Withdrawals are still subject to ordinary income tax on gains and, if taken before age 59½, generally a 10% federal tax penalty on the taxable portion. So the structural liquidity is real, but the tax treatment still behaves like any other annuity contract. The chronic-illness waiver of withdrawal charges is largely moot on this share class given there are no charges to waive — it costs 0.05% of contract value and reads more like a vestigial feature carried over from the B-share design.
Fees and Tradeoffs
The fee stack is the central tradeoff of this product and deserves a careful look. The base mortality and expense risk charge is tiered: 0.85% on contracts under $25,000, 0.70% on contracts of $25,000 to $99,999, and 0.60% on contracts of $100,000 or more. On top of that is a 0.15% administration fee, a $30 annual policy fee (waived above $50,000), and the 0.70% C-share rider charge. So at the $100,000-plus tier, you are looking at roughly 1.45% in insurance charges before any optional rider — and roughly 1.70% on a smaller contract.
Add the underlying subaccount expense ratios (0.61% to 2.44% per the brochure) and the all-in annual cost can easily run 2.0% to 3.5% per year depending on subaccount choice. The 0.55% Extra Credit rider — only available for the first 7 years and applicable to the 4% bonus configuration — and the 0.20% stepped-up death benefit rider can stack further. This is a fully-loaded variable annuity, and the fee level is the main reason any C-share VA needs to clear a high bar relative to alternatives like a taxable index portfolio or a lower-cost fee-based annuity. Confidence on RMD treatment is low in the spec — if you are buying this for an IRA, ask Security Benefit for the current RMD handling directly.
Final take
SecureDesigns C-Share is a competent accumulation variable annuity for a buyer who genuinely values the no-surrender flexibility and is willing to pay for it. The subaccount menu is broad, the death benefit structure is reasonable, and the contract can be configured several different ways at issue depending on the surrender preference. For a buyer working with a fee-based advisor who plans to actively manage the sleeve and may eventually move the money, the no-lock-in design has real utility.

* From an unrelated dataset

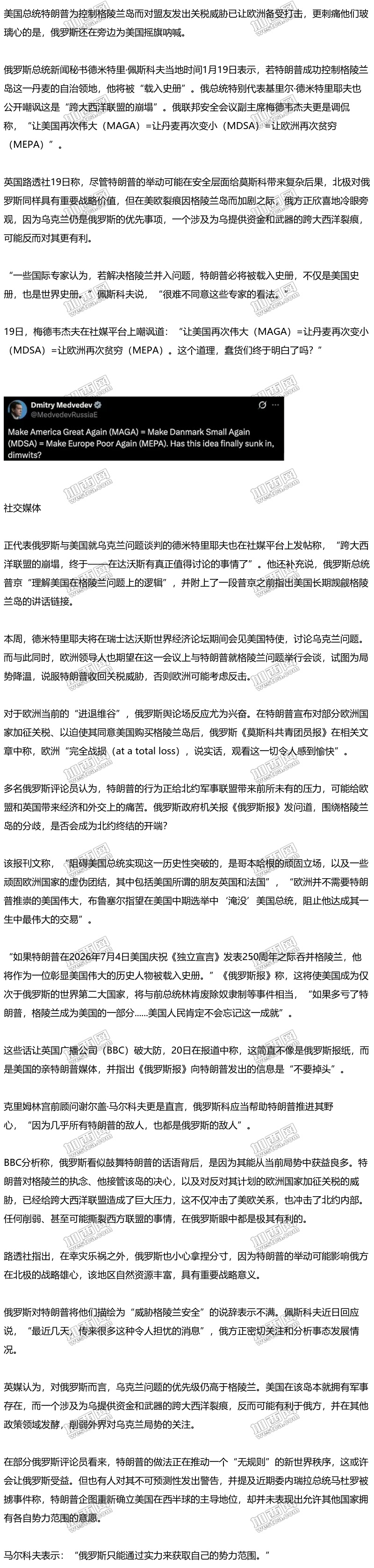 特朗普抢夺格陵兰岛,“俄罗斯乐坏了”

If your primary goal is guaranteed lifetime income, this is not the product — no income rider is available on this share class. If you are cost-sensitive and could hold the same allocation in a taxable account or a low-cost I-share variant, the C-share math probably will not work in your favor over a long horizon. And if you are in New York, the product is not approved in your state. For everyone else, this is a mid-pack option — not a standout, but a legitimate choice when liquidity matters more than running cost.